**The data**
*** Block opens ***
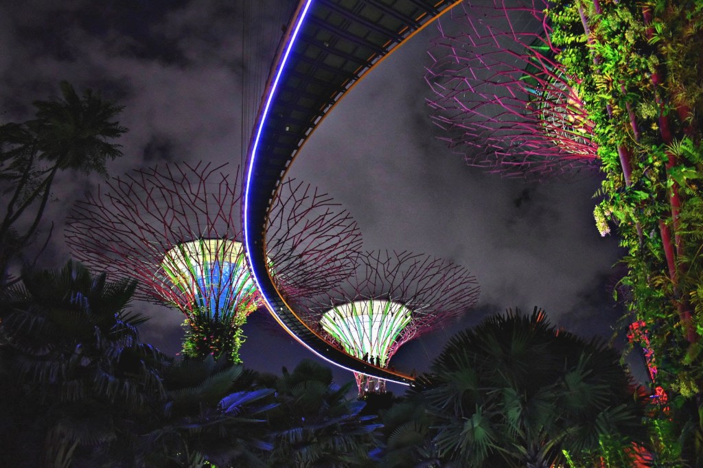 The OCBC Skyway from below at nighttime.
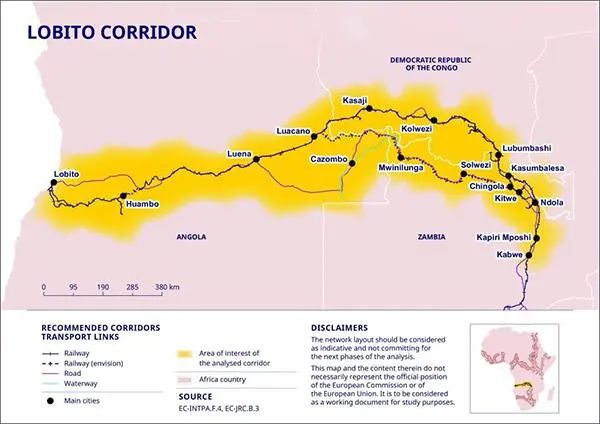 美歐積極推進洛比托走廊建設。洛比托走廊項目被定位為G7“全球基礎設施和投資伙伴關系”倡議(PGII)在非洲的旗艦項目。走廊的主線路段均為已建成的鐵路,例如,安哥拉境內長達1344公里的本格拉鐵路線,是2015年在中資企業建設下恢復通車的;走廊的剛果(金)段和贊比亞段早期由歐洲殖民者所建造,但大部分路段年久失修,處于半廢棄狀態。
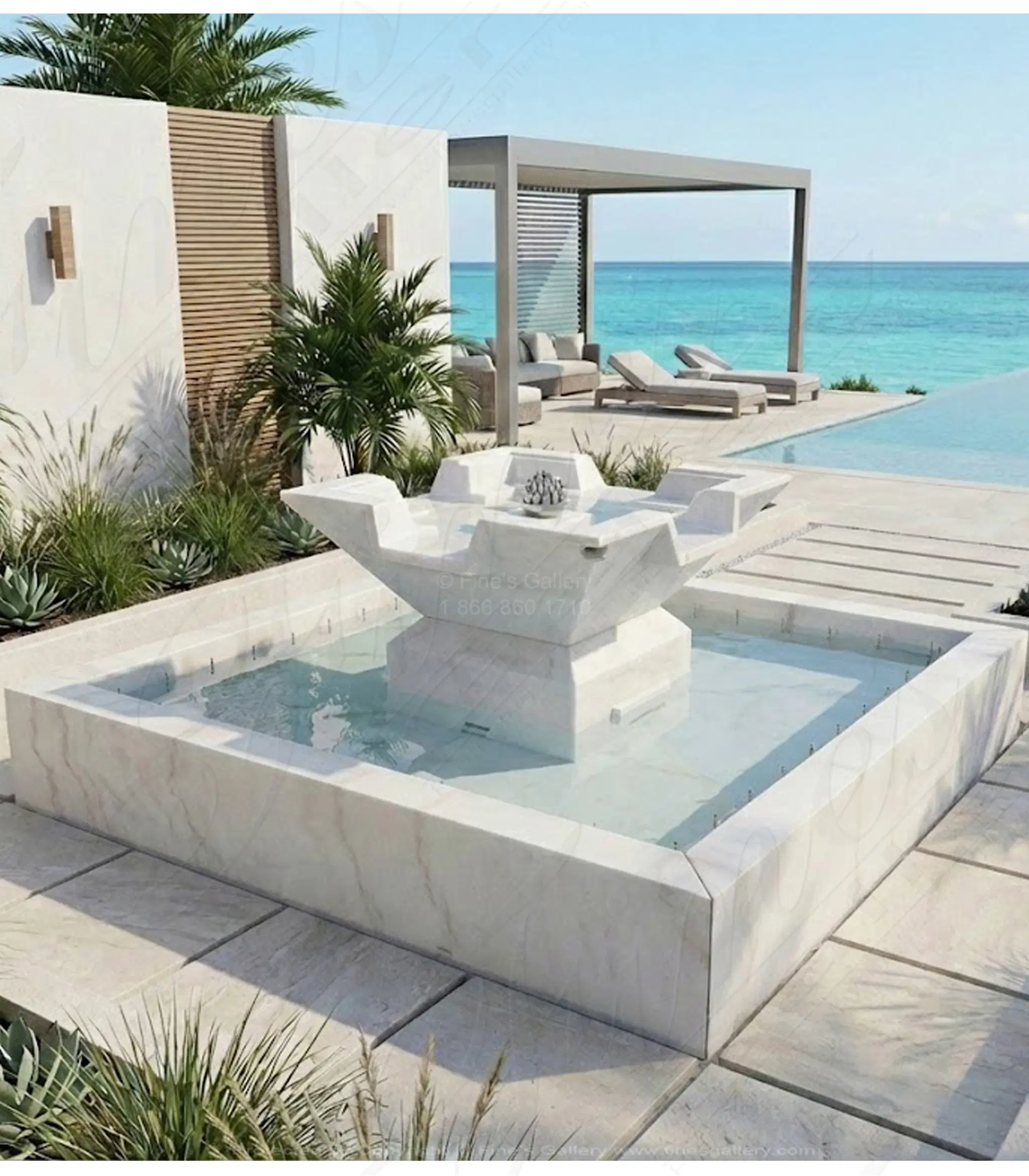Contemporary Coastal Fountain in Statuary Marble - MF-2432
*** Block closes ***
**What is expected**
Retype the data word for word and keep the pictures out of it.

**Response area**
 The OCBC Skyway from below at nighttime.
 美歐積極推進洛比托走廊建設。洛比托走廊項目被定位為G7“全球基礎設施和投資伙伴關系”倡議(PGII)在非洲的旗艦項目。走廊的主線路段均為已建成的鐵路,例如,安哥拉境內長達1344公里的本格拉鐵路線,是2015年在中資企業建設下恢復通車的;走廊的剛果(金)段和贊比亞段早期由歐洲殖民者所建造,但大部分路段年久失修,處于半廢棄狀態。
Contemporary Coastal Fountain in Statuary Marble - MF-2432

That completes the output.